Does rectum and bladder dose vary during the course of image-guided radiotherapy in the postprostatectomy setting?

Tumori 2014 Sep-Oct;100(5):529-35

Aims And Background: To assess the variations in actual doses delivered to the rectum and bladder in the course of postprostatectomy radiotherapy using kilovoltage-cone-beam computed tomography datasets acquired during image-guided radiotherapy.

Methods And Study Design: Twenty consecutive patients treated with intensity-modulated or intensity-modulated arc therapy to the prostate bed were retrospectively evaluated.
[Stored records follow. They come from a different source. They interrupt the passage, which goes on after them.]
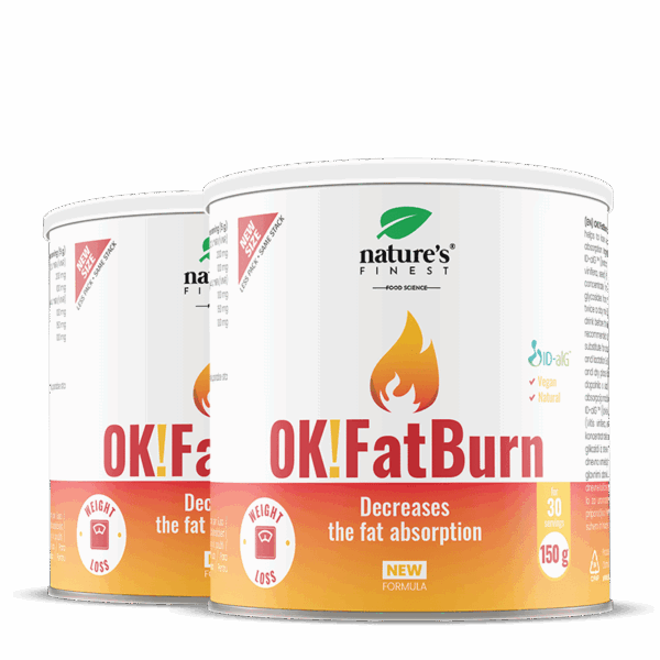OK!Fatburn е ефективна формула за отслабване, която инхибира ензимите за храносмилане на въглехидратите и мазнините с помощта на ID-alG™. Тройният ефект на формулата допринася за нормалния метаболизъм, който произвежда енергия⁴ с допълнителна сила на L-тирозин и L-карнитин. Изследванията потвърдиха забележимо отслабване, свързано с намаляване на мастната маса.¹
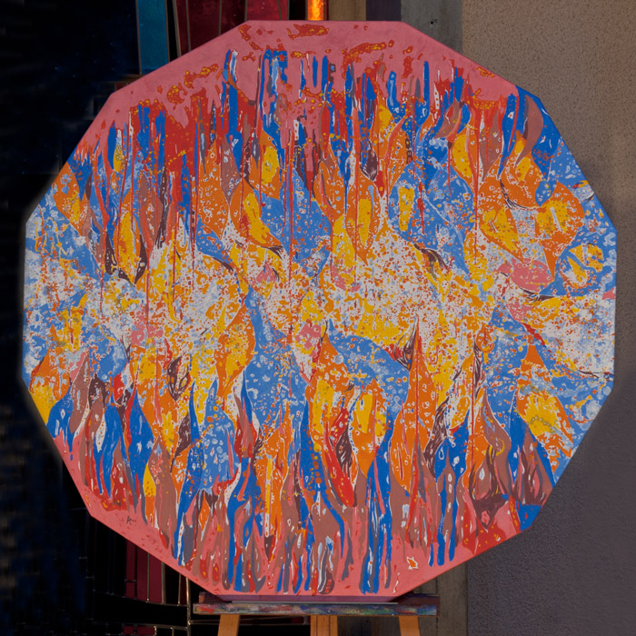 Vier Tafeln (Öl/Hartfaser) von Ilse Altrogge zum Orgelzyklus von Olivier Messiaen - von rechts nach links:
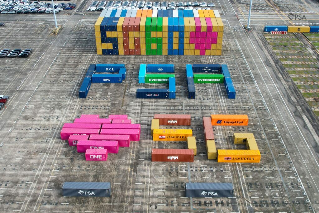เมื่อเร็วๆ นี้ PSA Singapore (PSA) ได้ฉลองวันครบรอบ 60 ปี การก่อตั้งประเทศสิงคโปร์ ด้วยการจัดเรียงตู้สินค้าเป็นคำว่า ‘SG60 ♥’ และ ‘PSA ♥ SG’ ในท่าเทียบเรือ Tanjong Pagar Terminal ซึ่งเป็นท่าเทียบเรือแห่งแรกของสิงคโปร์ที่เปิดให้บริการเมื่อปี 1972 เพื่อสื่อถึงการเดินทางด้านพาณิชย์นาวีของสิงคโปร์ โดยการจัดแสดงตู้สินค้าครั้งนี้ได้มีการประดับไฟให้รับชมในเวลากลางคืนตั้งแต่วันที่ 25 กรกฏาคม ถึงวันที่ 13 สิงหาคมนี้

Both the planning tomography and kilovoltage-cone-beam computed tomography were acquired with an empty rectum and a half-full bladder. Target localization was performed on the basis of soft tissue matching using cone-beam computed tomography scans before each treatment fraction. A total of 16 cone-beam computed tomography scans per patient (acquired at the first 5 fractions and twice weekly thereafter) were used for the assessments. The bladder and rectum were re-contoured offline on each cone-beam computed tomography scan by a single physician, and the delivered doses were recalculated. The variations in certain dose-volume parameters for the rectum and bladder (BD2cc, RD 2cc, V40%, V50%, V60%, V65%) were analyzed using the paired t test.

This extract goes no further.